It was typical damp; chill New Orleans winter night when I entered the Abbey for my customary cup of coffee.  At the end of the empty bar a lovely young woman was engrossed in The Sun Also Rises. Think Vivien Leigh in A Street Car Named Desire but 15 years younger. What in the hell was THAT vision of loveliness doing in THIS dive? It was overwhelmingly poignant and I instantly felt a great tenderness towards a young woman of such class trapped in such tawdry surroundings. I on the other hand was not so prepossessing. I had thrown my clothes on haphazardly and had a Greek fisherman’s cap thrown carelessly atop my head. I slouched up to her and delivered my most devastating pick up line ~Aah, so you can read? She shot me a look of withering disdain. She didn’t dislike me, she HATED me. But somehow the itch of irritation transmuted into the tormenting itch, and then the roaring flames of lust. In a very real way that was the beginning of this story.

Copyright © 2017 Robert Moulton

 

The Devil’s Slot Machine – Part 12

By Robert Moulton

 

Spencer Bohren, The Long Black Line:

A visceral video for a very moving song. Captures the harsh reality of life at the time.

Curious to see if other businesses had reopened, I walked a few doors down to the most unholy Abbey. I turned the door and was instantly enveloped in a darkness that was almost tangible.
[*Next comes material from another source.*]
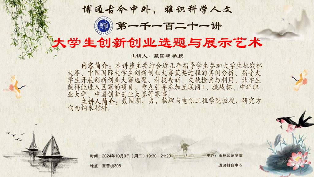 预告:【博雅大讲坛】1121期——大学生创新创业选题与展示艺术
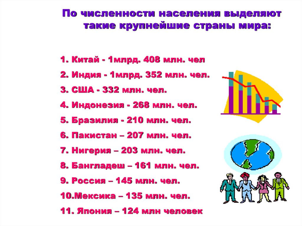 По численности населения выделяюттакие крупнейшие страны мира:

The quaint aroma of beer pong enhanced the miasma… A bored barmaid looked up, surprised to see a customer. I ambled down to the dishwashing basin, where she was idly polishing some shot glasses, strategically positioning myself to catch the cleavage as she bent over the sink. The view did not disappoint. Starved as always for news of the city, I plied her for her experience during the storm. She had stayed uptown, the darkness and the mosquitoes were irksome but she had managed. Small flies hovered about us, the size of gnats but they did not bite … soft, pulpy and repellent to the touch. I excused myself to use the restroom, eager to see if Lake Abbey had endured. The water was still there and still fetid. Storms may come and storms may go but Lake Abbey is eternal….
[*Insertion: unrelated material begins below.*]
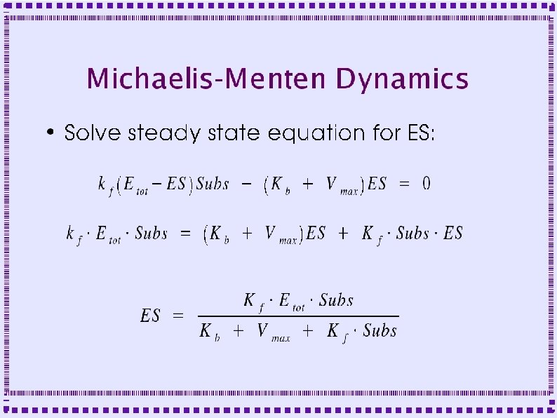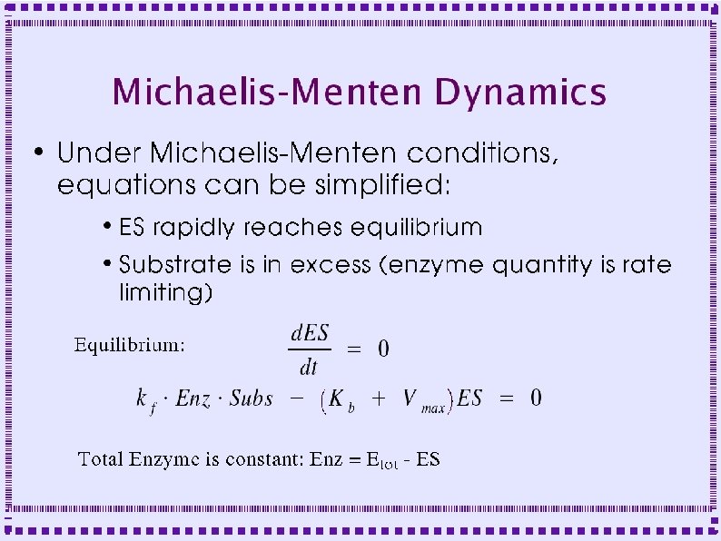 GENESIS objects ● Calculate changes due to reactions – mmenz (Chemesis) ● Use if MM assumptions are met ● Fields: Km and Vmax ● Inputs: Enzyme, substrate concentration ● Calculates Vmax times [Enzyme] times substrate ● Empirical feedback modification of enzyme activity can be added.

I continued my journey of rediscovery and walked towards the river and the French Market. There was but one solitary T-shirt shop –KATRINA GAVE ME A BLOWJOB I’LL NEVER FORGET! It was heartening to see that the goofy, irreverent light of the city still flickered.

Further down I could see the sheet metal roof of the Esplanade Wharf, lifted and curled up by the wind. The sky over the river was a soft blue dotted with puffs of cumulus clouds a far cry from the harsh late summer metallic blue that had prevailed before Katrina. It was warm but not the pitiless heat of August that I had left behind. A gang of Hispanic laborers waited patiently for work at the foot of Elysian Fields, a pretty ragged looking bunch. It was late morning and they had little chance of finding work today, but they came here to work and what choice did they have but to wait or work? The scene of destruction on Esplanade stood in stark contrast to the balmy day. Jagged white scars showed where the live oaks had been ripped in half by the storm. It was almost noon, time for me to start back to the apartment to await the Schnurrer and the car. I decided to walk up Bourbon Street to see if there was any action.
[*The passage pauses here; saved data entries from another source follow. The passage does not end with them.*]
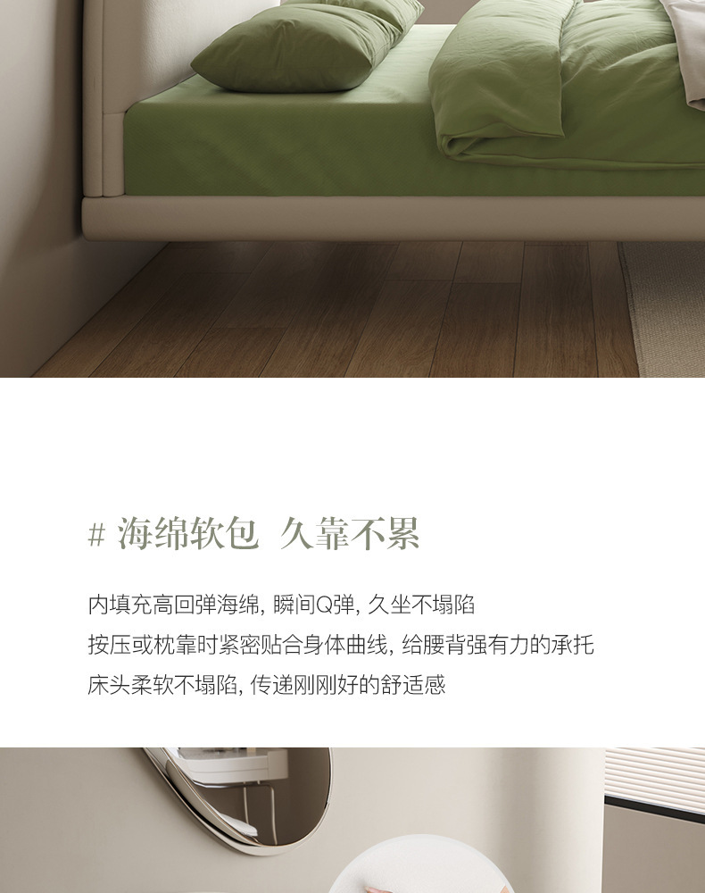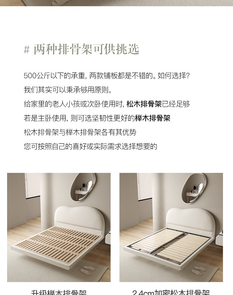• [2.4cm 암호화 소나무 갈비 뼈대] 램프 헤드 레이어 소가죽 싱글 침대 없음
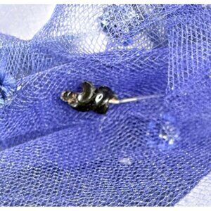 • Wide brim with beautiful blue feathers and matching blue tulle veil/netting overlaying the brim
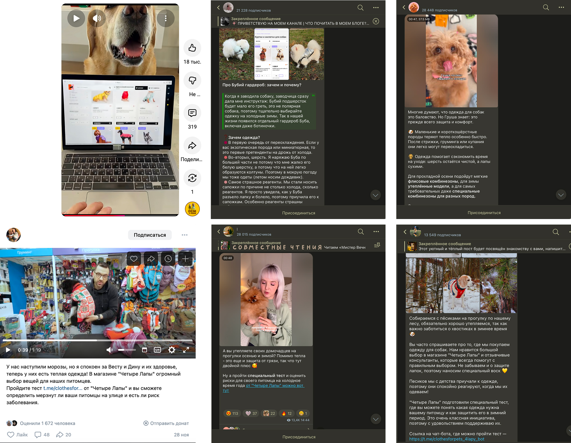 Контент создавался вместе с блогерами из категории пет-родительства и ухода за животными. Через личный опыт и понятные бытовые ситуации они объясняли, почему защита от холода важна, и показывали одежду как часть осознанной заботы, с которой в «Четыре Лапы» все становится проще.

Bourbon Street was shuttered until I got to Johnny White’s Sports Bar. Nothing else was open until I got to the four blocks before Canal Street. Flickering neon signs and piles of garbage bore witness to last night’s debauchery. There was little going on; at this time of the day everyone was either working to rebuild the city or sleeping off last night’s booze.  A solitary barker stood outside the door of a darkened strip club.

–How’s business?

–Man, you wouldn’t believe it. Some of the girls are taking home 3 grand a NIGHT.

Makes sense when you think about it. Thousands of lonely FEMA workers and National Guardsmen with no place to go and no place to spend their money except at Bourbon Street strip clubs – simple – Supply and demand. Of course the good ladies of such classy establishments as Stilettos and Big Daddy’s were glad to relieve the lonely gentlemen of the troublesome burden of excess cash. Thoughtful of them.

I paused and gazed into the Musical Legends Park, at the statues of Al Hirt and Chris Owens. The park was recessed from the street, sheltered from the slight breeze.  Once again the noxious midges hovered around me.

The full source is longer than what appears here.